N’y voyez aucune amertume ou résignation. Cette situation n’est pas inédite, mais elle est peut être nouvelle par les risques qu’elle fait courir au corps des officiers et à sa cohésion.
Qui peut interpeller le prince ?
Quatre interlocuteurs se complètent car ils sont réglementaires ou disposent d’une légitimité :
- Le président des officiers (PO),
- Le chef hiérarchique (ne l’oubliez surtout pas !),
- Le CFMT et le CSFM,
- Les associations reconnues et influentes.
On peut y ajouter, mais là on est déjà dans le conflit : la commission des recours et l’IGAT.
Chacun a ses forces et ses limites, ils sont placés ici dans l’ordre croissant de liberté de ton et de niveau d’intervention. N’oubliez pas, ou retenez, que deux d’entre eux seulement ont vocation à intervenir spécifiquement sur des problèmes catégoriels : le PO et les associations. Pour le PO, son poids dépend de ses qualités personnelles, de sa détermination et de la place que lui accorde le « chef ». Pour les associations, les mêmes critères s’appliquent -si on comprend « la place que lui donne le chef » comme l’écoute apportée par le CEMAT (dans le cas de l’armée de Terre) et le Ministre- auxquels s’ajoutent cependant le nombre d’adhérents, dont surtout celui d’active, et leur engagement résolu.
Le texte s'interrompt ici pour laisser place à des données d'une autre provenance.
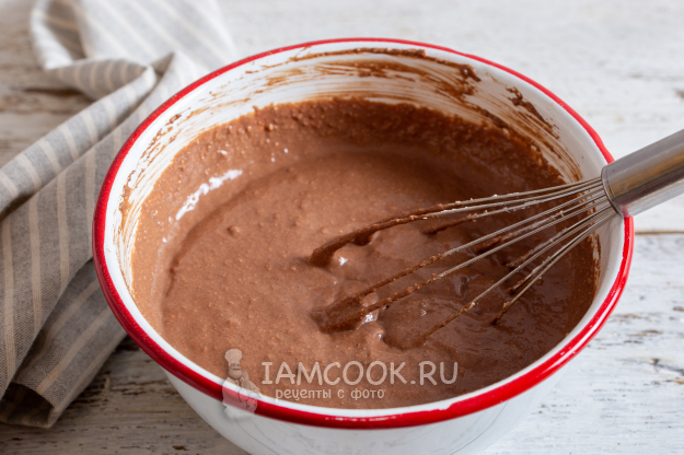 Добавьте сахар или сахарозаменитель, какао в порошке, разрыхлитель. Тщательно всё перемешайте до однородной массы без комочков.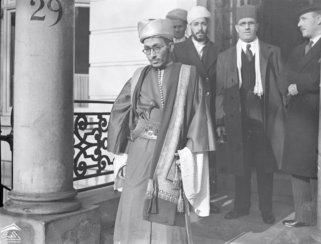 الامير سيف الاسلام الحسين امام قصر الاليزيه في باريس يناير 1938م

Cet éclairage ne représente pas la « Loi », mais par fonction et pour l’instant, je consacre peut-être un peu plus de temps que vous à la réflexion sur les buts et objectifs de l’Épaulette. De plus je suis conduit à confronter ma « communication » aux réalités du terrain lors de mes déplacements. Aussi ces repères sont autant destinés à susciter la réflexion de chacun qu’à aider ceux et celles qui, exerçant des responsabilités particulières dans notre association, cherchent parfois un fil directeur à leurs interventions. (JFD)
[1]En oubliant un peu vite que pendant la période d’activité (et même après elle, en fonction de son statut: réserve, 2e section), un devoir de réserve borde nos possibilités d’expression sur des problèmes tant opérationnels que fonctionnels. On ne peut pas non plus « mettre ses galons sur la table » à tout bout de champ… Solution très déconseillée en ce moment!
[2]On augmente le nombre de postes « attractifs » ou, à volume de postes constant, on réduit la population susceptible de les atteindre.